Art: Concept, drawing of 3-color Telechrome tube
Conceptual drawing of 3-color Telechrome tube from patent (Baird, 1942, p. 4).
  • Target insertion would be daunting. During insertion, the targets must clear the sides of the Hewittic (target support) neck. The front mica target is corrugated and the back target is flat. Somehow the assembler must temporarily fold or roll these targets. Then in position inside the tube, the targets must snap back to their original shape. When they snap back, the targets must register with one another on the scale of pixels. A later patent suggests methods for target insertion that Arthur Johnson could have tried. (Baird patent 579,482, p. 1) Trinitron manufacturing avoids such insertion problems.

  • Target shape. Telechrome uses flat, and not bow-shaped targets. The electron beam may focus sharply in the middle of the target. Yet the beam will lose focus and become elongated as it moves from the center. To correct for this problem, a compensating signal would be necessary. With its bowed target, Trinitron didn't have this problem.

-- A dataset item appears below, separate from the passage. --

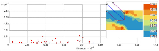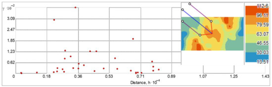 The next step for spatial analysis of these parameters was to form the empirical semivariogram that provides information on the spatial autocorrelation of datasets. The experimental semivariogram of a dataset for the vegetation and heating periods with its semivariogram curves is shown in Figure 16. There can be observed deviations of the points on the semivariogram from the averaged values—some points are above and below of the model curve. These variations could be the result of direction (anisotropy) trends, labeled on semivariogram surface/maps (see maps in a corner), or some unmeasurable physical process of pollution dispersion.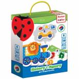 Układaj magnetyczne puzzle na specjalnej tablicy lub na innej powierzchni. Zabierz dziecko do magicznej krainy figur geometrycznych i kształtów. W komplecie gry znajdują się 4 lokomotywy z ilustracją czterech podstawowych figur geometrycznych, a każda lokomotywa ma 3 wagoniki. Zadaniem dziecka będzie włożenie do wagoników przedmiotów o odpowiednim kolorze i kształcie. Na kartach znajdziesz różnorodne zadania, wykonaj je i przypnij odpowiednie magnesy. W instrukcji znajdziesz opisane dodatkowe warianty gry, ale zabawę można urozmaicić poprzez wymyślanie własnych zadań, zwiększając kreatywność dziecka.

  • Brightness Issues. The green target is brightest at a 45° vertical angle. The blue target is brightest at the opposite 45° vertical angle. Both targets are dimmer than the rear (red) target. Compensating by reducing the amplitude of the red signal would dim the picture. With its single target face, Trinitron didn't have this problem.

  • Position sensitivity. Viewers must watch from a position level with the center of the screen. What if the viewer's too low in relation to the internal screen? Then the brightest image would likely be blue. If the viewer's too high, then the brightest image would likely be green. (See the illustration at right.) On the other hand, Trinitron color isn't position sensitive.

Art: Problems with 
         viewing alleged '3-color Telechrome' from above or below center of CRT.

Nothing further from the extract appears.